Kansas Governor Laura Kelly (D) vetoed a account that would have banned gender-affirming care for minors in the Sunflower State on Friday.
“This divisive legislation targets a small group of Kansans, imposing government mandates on them and dictating to parents how best to raise and care for their children,” Kelly he said in a veto message on Friday. “I don’t believe it’s a conservative value, and it’s certainly not a Kansas value.”
Kelly said the legislation “tramples on parental rights” and that “the last place I would want to be as a politician is between a parent and a child who needs any kind of medical care.”
“And yet, that is exactly what this legislation does,” she continued.
The legislation, a replacement bill for Senate Bill 233, would have banned gender-affirming care practices such as surgeries and hormone treatments for those under 18 in Kansas. Kelly vetoed similar legislation last year, which Republicans failed to overturn.

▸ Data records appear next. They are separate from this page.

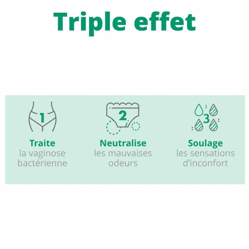 Triple effet protecteur : prévient les récidives, neutralise les mauvaises odeurs et réduit les pertes anormales efficacement.
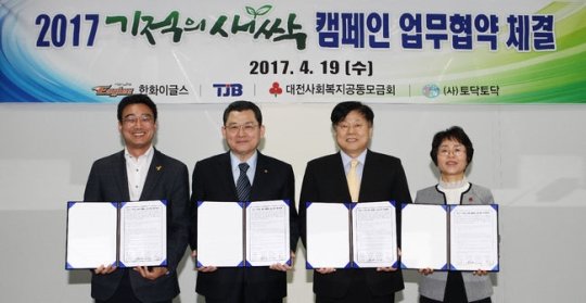 프로야구 한화이글스가 어린이재활병원 건립 기금 마련을 위한 '2017 기적의 새싹 캠페인' 진행을 위해 19일 사단법인 토닥토닥, 사회복지공동모금회, TJB 대전방송 등과 업무협약을 체결했다.
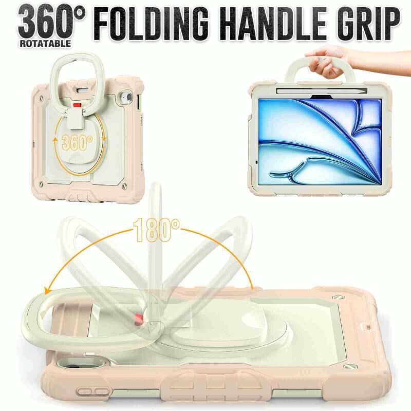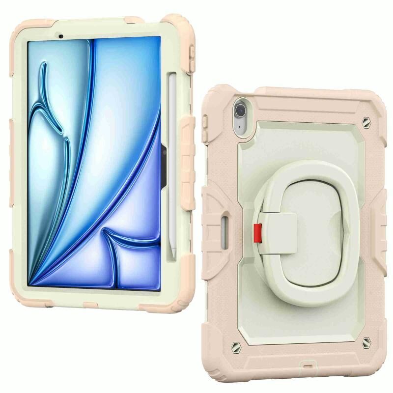 For iPad Air 11 2025 / 2024 Handle Silicone Hydric PC Tablet Case with Shoulder Strap(Rose Gold)

Cathryn Oakley, senior director of legal policy at the LGBTQ rights group Human Rights Campaign, praised Kelly’s veto in a statement released to the press. She said the group continues “to thank Governor Kelly for seeing bills like SB 233 for what they are: dangerous misinformation and attempts to target vulnerable young people for the sole purpose of angering anti-LGBTQ+ extremists.”
“If any legislation seeks to prohibit best practice, medically necessary health care for no purpose other than the person receiving that care being transgender, that is discrimination – plain and simple,” Oakley said. “Doctors, patients and families – not politicians – should be making decisions about health care.”